You Are Exactly Where You Need to Be

It was August 2022, I was walking down the hallway in a hospital in Maine when I heard a mother in labor in Room 1. I had been following and aware of all of the pending labors, always on my toes, and hadn’t planned on being needed for this delivery – usually i’m summoned if a resuscitation is anticipated. But, I had an odd feeling and figured, “Eh, i’m here, might as well go in and help.” I put on some gloves, casually stood at the warmer and watched the midwives have a brief dystocia – the baby got stuck on the way out. Instinctively i started unwrapping respiratory equipment and preparing the warmer to receive the baby. He was delivered, the cord was cut and I could hear my experienced Charge Nurse of almost 4 decades shout, “Coming to the warmer.” I was waiting. We called for back-up and thankfully the resuscitation was quick. As the baby had stabilized, I turned to grandma and the first-time father, “Oh. I’m sorry, hi! I’m Doctor Cabrera, the Pediatrician. Sorry i forgot to introduce myself.” The grandmother turned to me, and said such a casual statement that resonated so deeply with me, “Don’t apologize. You were exactly where you needed to be.

***

It was February 2022, when I briefly stopped by a brewery to pick up some gifts to go, and when I walked out, found myself to be one of the last people walking around in the sub-freezing temperatures of Central Maine. As I walked down the old downtown sidewalk towards my car, a scared couple approached me – they were barely in their early 20s, their car had died and they didn’t know what to do. Luckily they had jumper cables and as they, so innocently, tried to google “how to jump a car” and read it to me, I had already fixed the problem and they were ready to go. “We don’t know what we would have done if you hadn’t been here.

***

It was sometime in 2019. Dr. H, a then Pediatrician in his fellowship training to become a Neonatologist, happened to be in the Emergency Department working on his ultrasound techniques when a mother came in in imminent labor and within minutes popped out a small baby of only 23 weeks of gestation (17 weeks or 4 1/4 months early). He swiftly intubated the baby, stabilized the situation and the baby survived. I will never forget the surreptitious hush that fell among our group and the Neonatology Director with a satisfied, “Wow. Good thing M was there.” For anyone outside of the medical field, something to know: Neonatologists are never working in the Emergency Department. Shear Luck.

***

It was August 2nd, 2010. The original Dr. Cabrera had died from a sudden heart attack only a few months earlier. In solace, we took a solemn retreat on a family vacation to Mexico to get away. After a few days enjoying the sun and trying to escape, it was time to go back home.
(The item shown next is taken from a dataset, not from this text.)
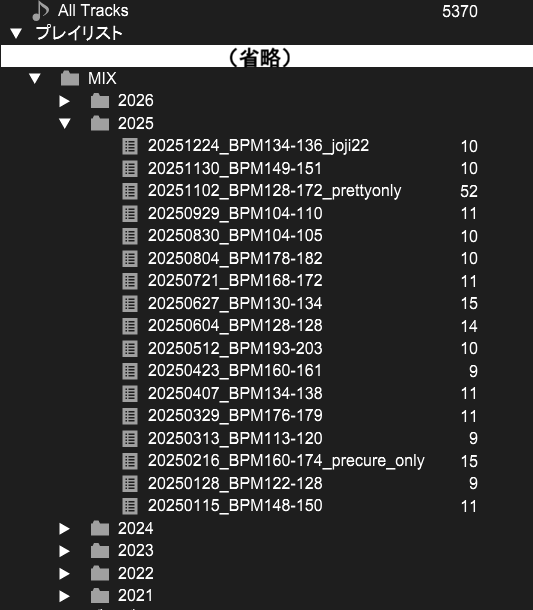 デフォルトで存在する「プレイリスト」配下に「MIX」というフォルダを作って、その下にDJ-MIX作成で使用したプレイリストを年ごとのフォルダ配下に入れている、というような形です。

As fate would have it, the airline we had booked to return to California had gone bankrupt the exact week of our return. In a haze, we rerouted our flight to southern California instead of Sacramento and found ourselves confusedly heading back to Los Angeles. We parted ways with my mom, brother and sister heading north as I, a junior in college, headed farther south to San Diego. After a bus ride to union station followed by a train ride back to Oceanside I found myself waiting at the station for a college friend to pick me up. As I waited in the crisp dark silence, a younger boy, only 16 or 17 years old wandered over with his suitcase and his guitar and started talking to me. “Hey.” “Hey, you look young what are you doing here?” “Well, my dad and I got in an argument, so I ran away. Why are you here?” “Well, i’m here because my dad just died, and, it’s a long story…… But, don’t take your life for granted kid.” “… Maybe that’s why you’re here, to tell me that.”

Featured Image: The one time I jumped the car for a young couple in a town in Maine I never in 30 years thought I’d ever find myself in.